Depression

Overview

At least half of the American population will experience at least one episode of depression during their lives while more than 11% currently suffer from chronic depression. Anyone can be affected by depression, but it most often affects patients with hormonal imbalances and certain conditions, such as HIV/AIDS, heart disease, stroke, diabetes, cancer, and Parkinson's disease. For decades, research has shown that brain chemistry, trauma, negative thinking, and stress play a roll in the development of depression. However, more recent evidence is demonstrating that metabolic factors such as inflammation, insulin resistance, oxidative stress, mitochondrial dysfunction, and hormonal imbalances also cause or exacerbate the condition.

Symptoms & Diagnosis

Depression almost always presents with emotional or psychological symptoms ranging from minor unhappiness to overwhelming despair. However, it is often accompanied by other symptoms such as pain, changes in energy levels, significant weight loss or weight gain, and cognitive difficulties.  

Depression manifests itself in six main ways - the most common being major depressive disorder and dysthymic disorder. Major depressive disorder (aka major depression) can either present as a single episode or recurrent episodes. Symptoms of major depression are usually unbearable, often times making it impossible to sleep, study, work, eat, or find enjoyment in anything. Dysthymic disorder (aka chronic mild depression) is characterized by symptoms of depression lasting longer than two years and is normally not as severe as major depression. Other less common types of depression include psychotic depression where the patient experiences hallucinations; postpartum depression where a woman becomes depressed following childbirth; seasonal affective disorder, which only develops during the winter months; and bipolar disorder which is characterized by episodes of extreme highs (mania) and lows (depression) in mood.

Although depression is a clearly defined disorder with mental and physical symptoms, it is unusual because it cannot be diagnosed by a blood panel or lab test.  In order to receive the diagnosis of clinical depression, a person must be affected by five or more of the following nine symptoms for most of the day, almost every day, for at least two weeks. Also, number 1 or 2 below must be one of the experienced symptoms.

Emotional Symptoms:

  1. Constant or transient feelings of sadness, anxiety, and emptiness
  2. Loss of interest in activities or hobbies once enjoyed (may lose interest in sex)
  3. Feeling restless or irritable
  4. Feeling hopeless
  5. Feeling worthless or guilty for no reason (suicidal thoughts may occur)

Physical Symptoms:

  1. Disturbed sleep patterns (may sleep too little or too much)
  2. Low energy levels
  3. Significant weight loss or weight gain due to a change in eating habits
  4. Difficulty concentrating, remembering details, or making decisions

Medical Treatment

For decades, the frontline medical treatment for depression has been psychoactive prescription drugs, sometimes in addition to cognitive behavior therapy.

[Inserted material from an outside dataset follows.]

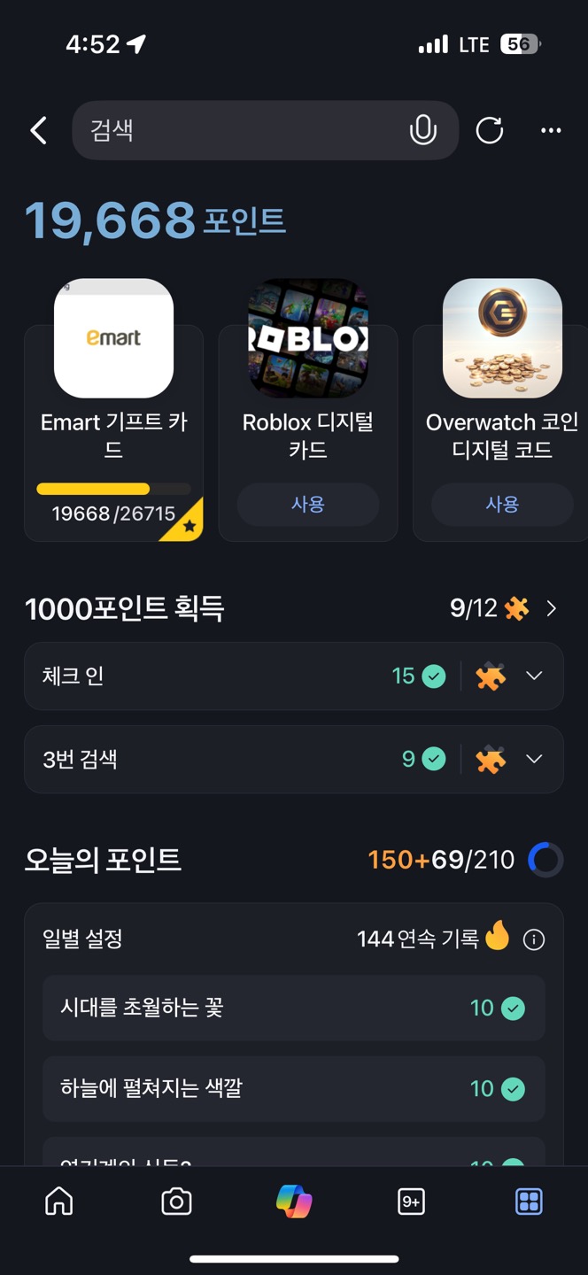 Bing | - 기사 검색 등의 형태로 일일 퀘스트 수행이 간단함 - 이마트 상품권 또는 게임 머니로 교환 가능 |

The use of these brain chemistry-altering drugs comes with a list of potential side effects, some as harmful as suicide. Also, many patients who try to get off of these drugs experience a condition known as "antidepressant discontinuation syndrome," which is likely the result of the brain becoming adjusted to the medication and unable to function properly when it is deprived of it. Treating depression with medications is based on a hypothesis that implies deregulation in neurotransmitter signaling is the main cause of the condition. Yes, you read that correctly - treating depression with antidepressant drugs is based on a HYPOTHESIS! Furthermore, this rationale for treatment fails to take into account many other well-studied causes for depression. This may partially explain why the success rate of pharmacologic intervention for depression is less than 50%. Patients who don't respond to treatment with antidepressants receive the diagnosis of "treatment resistant depression" and become candidates for procedures like electroconvulsive therapy, which is very effective, but causes memory loss. To summarize, this hypothesis is widely accepted as fact, and drugs continue to be the primary treatment of depression despite the many adverse side effects, low success rate, and failure to address other potential causes.
How We Can Help

Your brain perceives everything in this world. The difference between someone with depression and someone without it is that they perceive the world differently. When you receive a chiropractic adjustment or perform a functional neurology exercise, you are actually sending a specific and direct stimulus to your brain.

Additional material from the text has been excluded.